The machine 10 has an oil lubrication system. The oil reservoir chamber 178 surrounds the crankshaft 24 within the crankcase 18. Oil is supplied to the oil reservoir chamber 178 by a vane oil pump 180. Cooling oil enters the crank 162 through an oil passage 182. The oil passage 182 extends into the crank 162, where it meets the extension oil passage 184, which supply oil supplied under pressure to the surface of the crank 162 and lubricates it during its movement.

From the oil channel 182, an oil channel 186 leads which supplies oil to the interior of the crank 166, where it meets the extension oil channel 188. This channel 188 delivers oil supplied under pressure to the surface of the crank 166 and lubricates it during its movement.

From the oil channel 186, an oil channel 190 leads which supplies oil into the crank 164, where it meets an extension oil channel 192. This delivers oil supplied under pressure to the surface of the crank 164 and lubricates it during its movement.

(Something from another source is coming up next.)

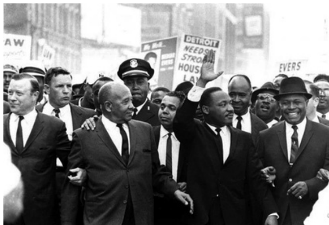
MLK Jr and Walter Reuther at March in Detroit 1963

Learn the best practices when representing workers who have been disciplined or discharged. In this class, evaluate whether discipline is "just", learn what to look for during the disciplinary investigation, how to contest disciplinary actions, and much more to protect workers' rights and ensure a fair process.

Likewise, the flow of cooling oil is facilitated through the inner pistons 126 and 128. As can be seen in fig. 2, an oil passage 194 allows oil to flow from the crankshaft into the cavity 136 in the piston head. An oil channel 196 allows oil to exit this cavity 136. Similarly, an oil channel 198 allows oil to flow from the crankshaft into the piston head cavity 134. An oil channel 200 allows oil to exit this cavity 134.

As can be seen in fig. 2, oil lines 202 and 204 supply lubricating oil to the rings of the reciprocating cylinders. Outlet lines 206 and 208 provide for the departure of oil from these rings to the oil sump 210.

In order to make the invention better understood, a complete machine cycle will be described in detail step by step. We will begin with the reciprocating cylinders 70 and 72 in the inner pistons 126 and 128, in the position shown in FIG. 2. Furthermore, we will start in the position shown in fig. 2, describing the reciprocating cylinder 72 and inner piston 128. This reciprocating cylinder 72 and inner piston 128 undergo an exhaust cycle. It is recalled that the reciprocating cylinder 72 during the compression phase of this and the inner piston 128 moves towards the inner piston 128. However, after the compression phase is completed, the inner piston 128 will move towards the reciprocating cylinder 70, and the reciprocating . cylinder 72 will move towards the inner chamber end wall 40. This is illustrated in fig. 2. When the reciprocating cylinder 72 is sufficiently close to the air chamber end wall 40, its intake port 102 aligns with the air blower line 60 from the air pump 212. It is also important to note that the exhaust port 82 of the reciprocating cylinder aligned with the exhaust port 76 of the outer cylinder 30 before its intake port 102 aligned with the air blower line 60. Thus, air under positive pressure is blown into the chamber 214 which is formed between the reciprocating cylinder 72 and the inner piston 128.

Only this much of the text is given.